We present a study on the development of a practical and quantitative technique for the assessment of the structural health condition with using piezoceramic(PZT) sensors. The electro-impedance-based technique with the PZT patches is very sensitive for evaluation of the incipient and small damage in a high frequency range, and however the commonly traditional modal analysis method is effective only for considerably larger damages in low frequency range. The paper presents the technique in detecting and characterizing real-time damage on the specimen that is an aluminum plate fastened with bolts and nuts by different torques and as well a plate with a crack. By using the special arrangement of the PZT sensors, the required longitudinal wave is generated through the specimen.

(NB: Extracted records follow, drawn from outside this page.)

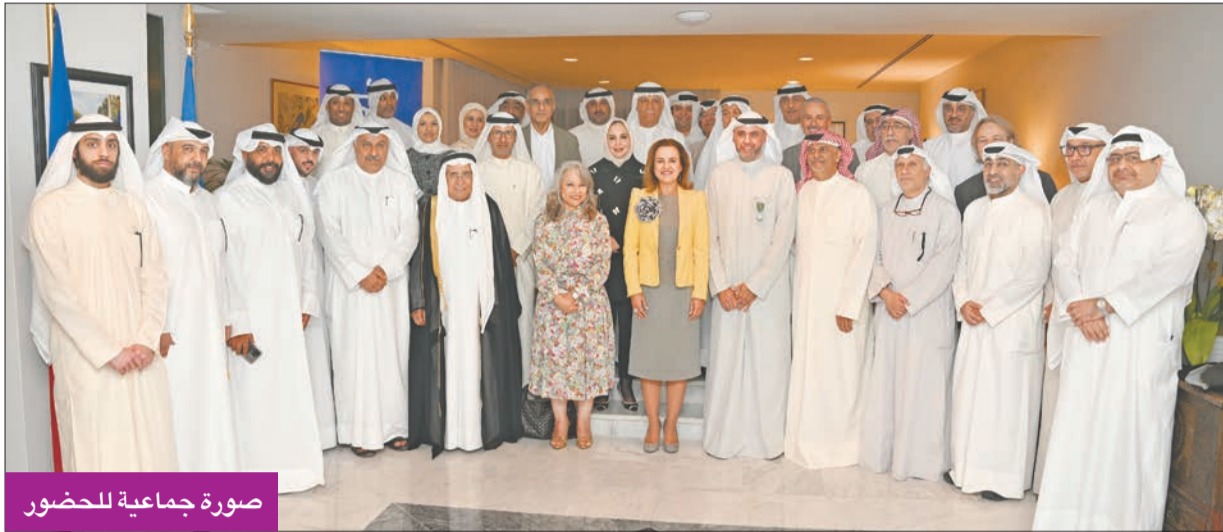
صورة جماعية للحضور

لدوره في تعزيز الروابط الثقافية بين الكويت وفرنسا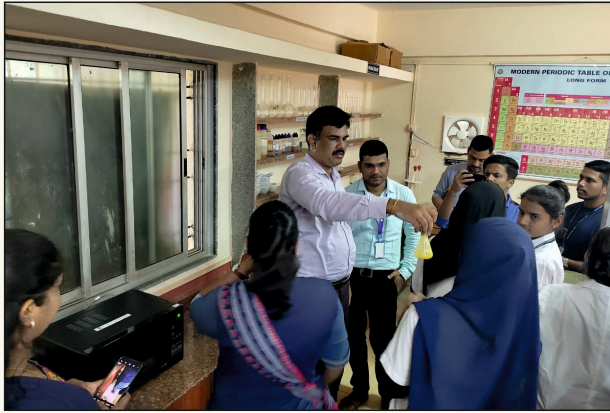
DBT STAR College Scheme Programme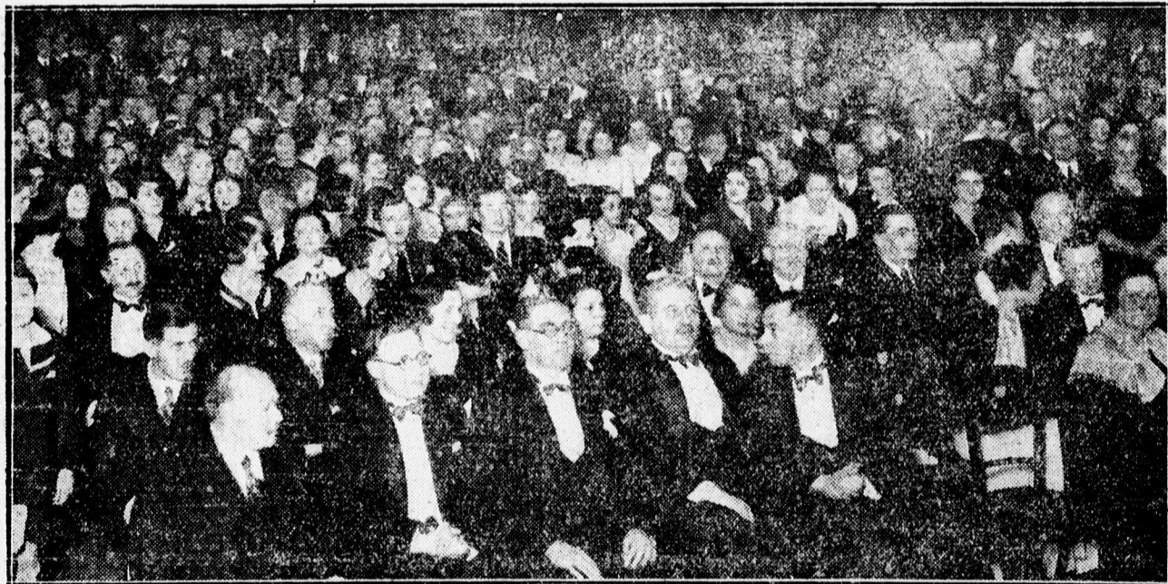
Óriási közönség az Arany Bikában rendezett purimi estén.

A large number of experiments are conducted and the different conditions of the specimens, i.e. the location and extent of loosening bolts, and the plate with a crack are simulated. respectively. Since fixing and loosening the loosened bolt is controlled by a torque wrench, we can control exactly the experiment of the different torques. Compared with the simulated healthy condition, we can find whether or not there is a damage in the specimen with using an impedance analyzer with the PZT sensors. Several indices are discussed and used for assessing the different simulated damages. As for the location of bolt loosening, the RMSD is found to be the most appropriate index for numerical assessment and as well the RMSD shows strongly linear relationship for assessing the extent of the bolt loosening, and the frequency peak shift ${\Delta}F$ is used to assess the cracked plate. The possibility of repeatability of the pristine condition signatures is also presented and the appropriate frequency range and interval are uniquely selected through large numbers of experiments.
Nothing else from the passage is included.